About this exercise:
Could you repeat all of the entries word for word, minus any pictures?

Data to process:
--- --- ---

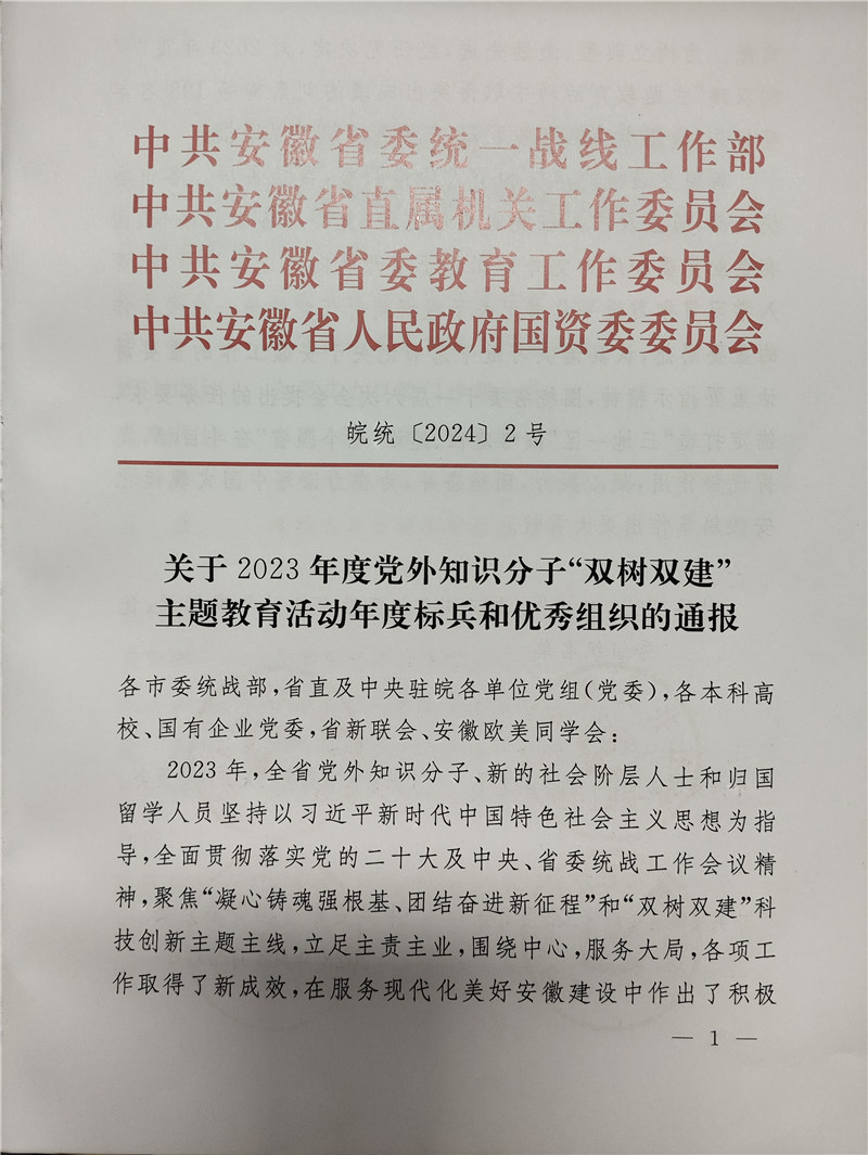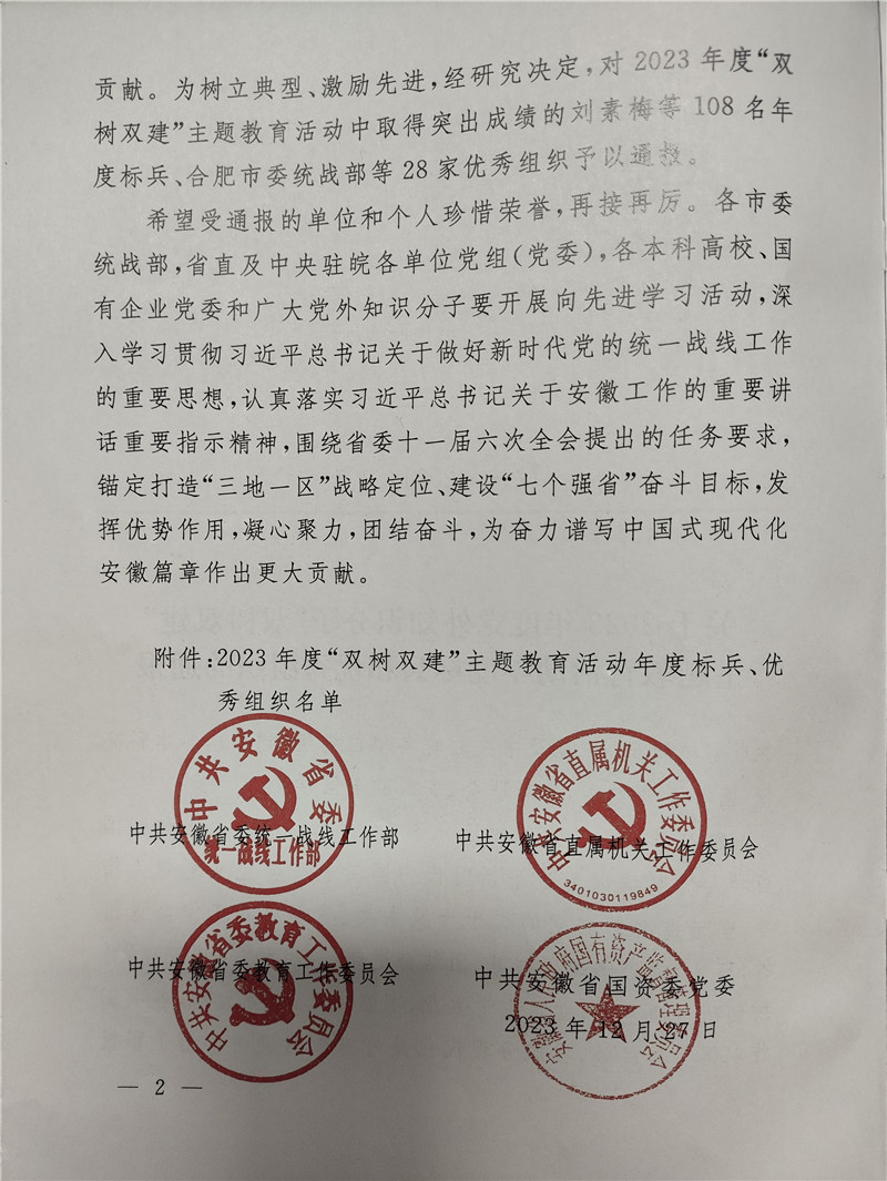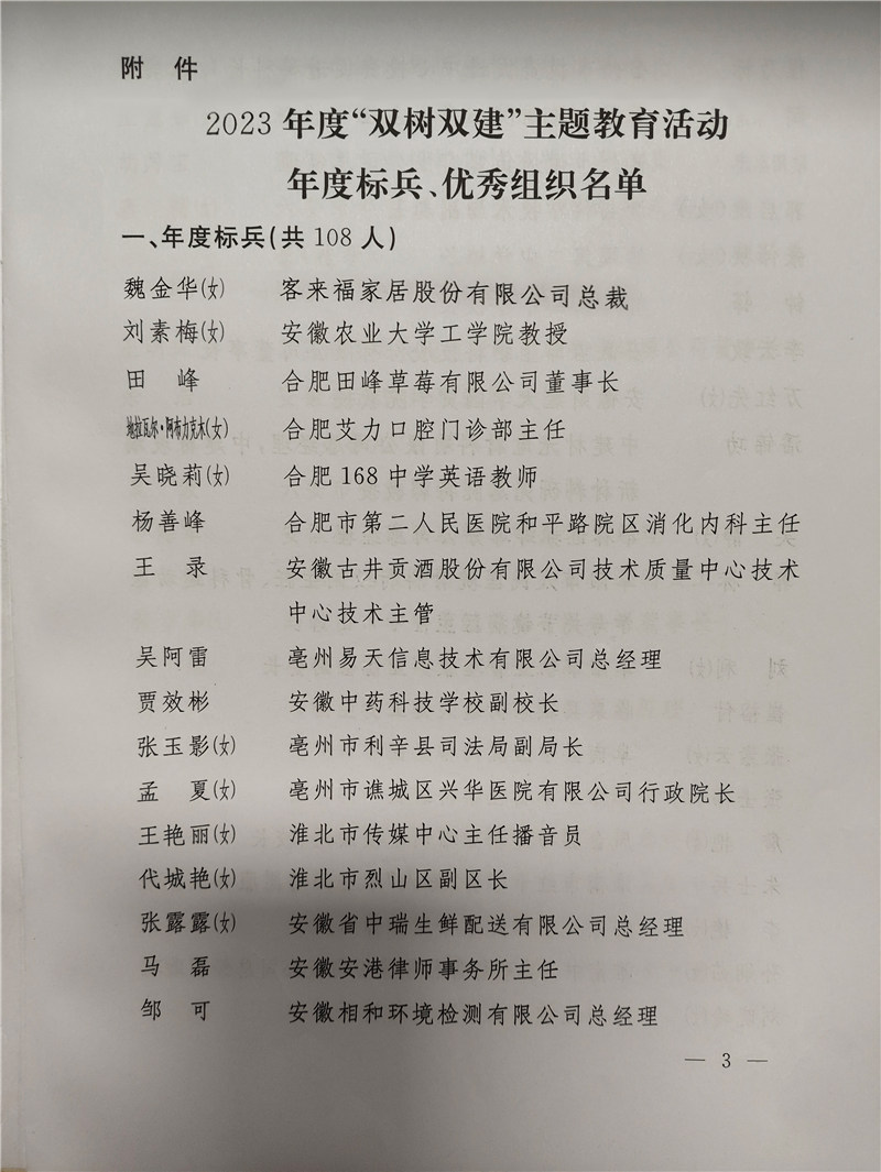为树立典型、激励先进,经研究决定,对 2023 年度“双树双建”主题教育活动中取得突出成绩的108 名年度标兵、合肥市委统战部等 28 家优秀组织予以通报。350vip浦京集团家居总裁魏金华女士获得年度标兵荣誉。
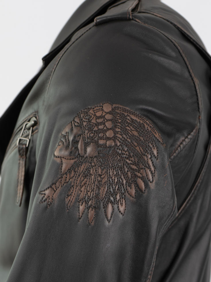 Wer den robusten Biker-Style liebt, der liebt auch die ST-Buffalo NY. Die abgesteppten Stickereien auf Rücken und Arm sind mit Nieten ausgearbeitet und verstärken den rockigen Look dieser Legende unter den Lederjacken. (Tip: Partnerlook)
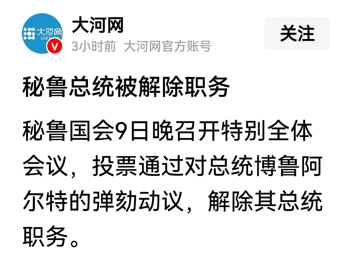 秘鲁首位女总统博鲁阿尔特遭弹劾! 这个看似普通的新闻,其实对中国的影响不小。 1
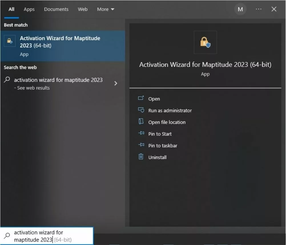 - On the machine where the license is currently activated, find and run the “Activation Wizard for Maptitude” under the Windows Start menu
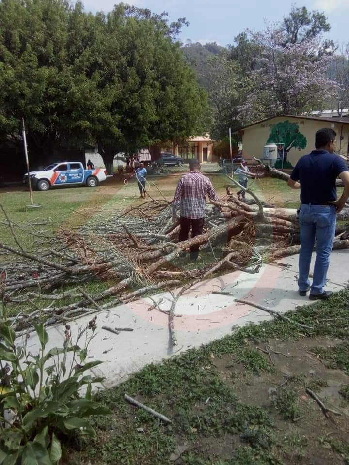 Xochiatipan, Hgo. – Por indicaciones del alcalde Óscar Bautista Gutiérrez y a petición de docentes y padres de familia, personal de Protección Civil Municipal realizó la tala de un árbol que se encontraba dentro de la escuela Telesecundaria de la localidad de Ohuatipa.
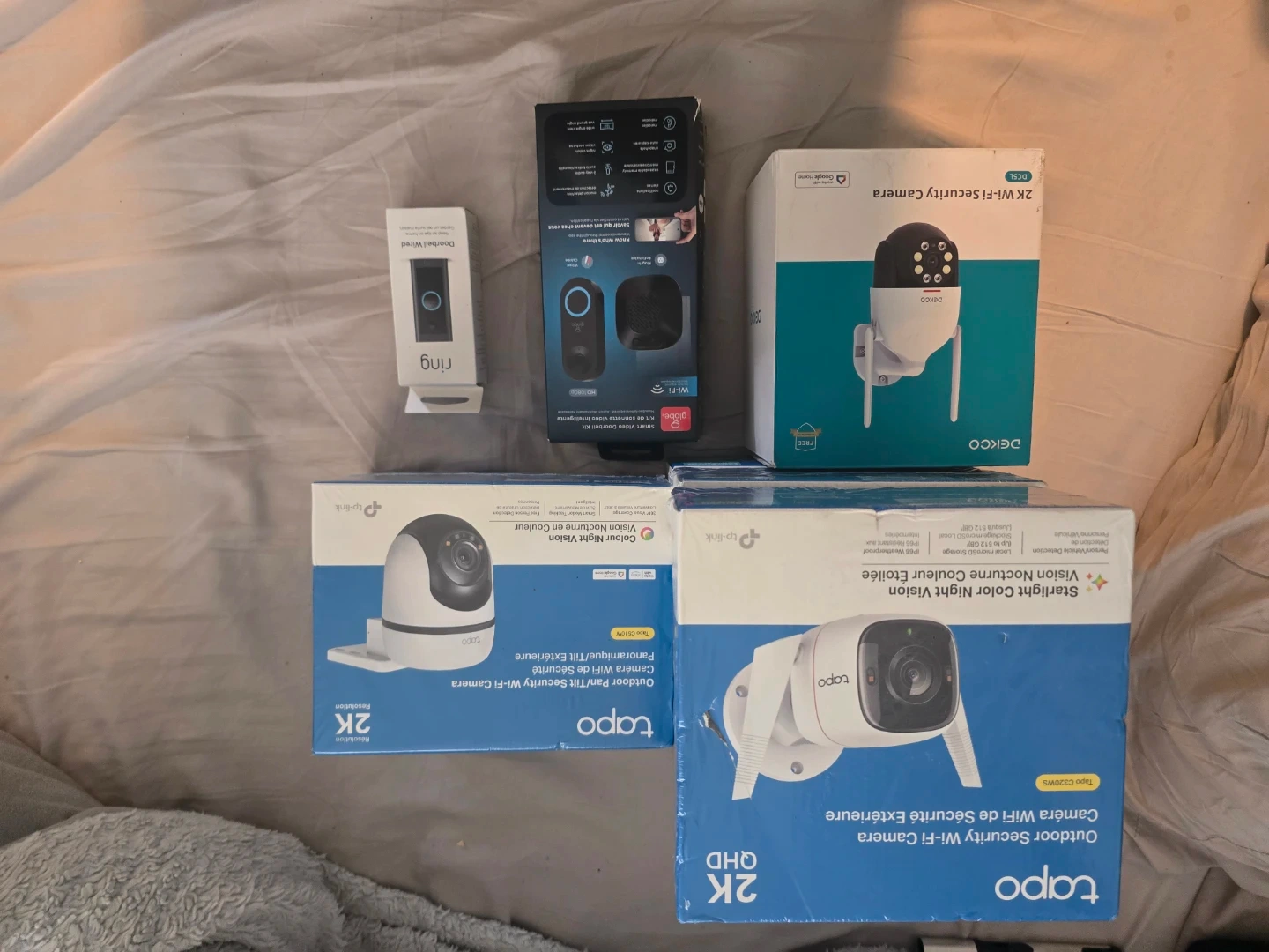 Includes a Ring Doorbell Wired and three kinds security cameras: TP-Link Tapo C510W and 3x C320WS models, plus a DEKCO 2K Wi-Fi camera. These cameras offer colour night vision and 2K resolution. The Tapo C510W is a pan/tilt model with IP66 weatherproofing and microSD storage. Open to reasonable offers willing to sell as a complete set or sell individual items..also I can come meet you

--- --- ---

Result of the task:
为树立典型、激励先进,经研究决定,对 2023 年度“双树双建”主题教育活动中取得突出成绩的108 名年度标兵、合肥市委统战部等 28 家优秀组织予以通报。350vip浦京集团家居总裁魏金华女士获得年度标兵荣誉。
 Wer den robusten Biker-Style liebt, der liebt auch die ST-Buffalo NY. Die abgesteppten Stickereien auf Rücken und Arm sind mit Nieten ausgearbeitet und verstärken den rockigen Look dieser Legende unter den Lederjacken. (Tip: Partnerlook)
 秘鲁首位女总统博鲁阿尔特遭弹劾! 这个看似普通的新闻,其实对中国的影响不小。 1
 - On the machine where the license is currently activated, find and run the “Activation Wizard for Maptitude” under the Windows Start menu
 Xochiatipan, Hgo. – Por indicaciones del alcalde Óscar Bautista Gutiérrez y a petición de docentes y padres de familia, personal de Protección Civil Municipal realizó la tala de un árbol que se encontraba dentro de la escuela Telesecundaria de la localidad de Ohuatipa.
 Includes a Ring Doorbell Wired and three kinds security cameras: TP-Link Tapo C510W and 3x C320WS models, plus a DEKCO 2K Wi-Fi camera. These cameras offer colour night vision and 2K resolution. The Tapo C510W is a pan/tilt model with IP66 weatherproofing and microSD storage. Open to reasonable offers willing to sell as a complete set or sell individual items..also I can come meet you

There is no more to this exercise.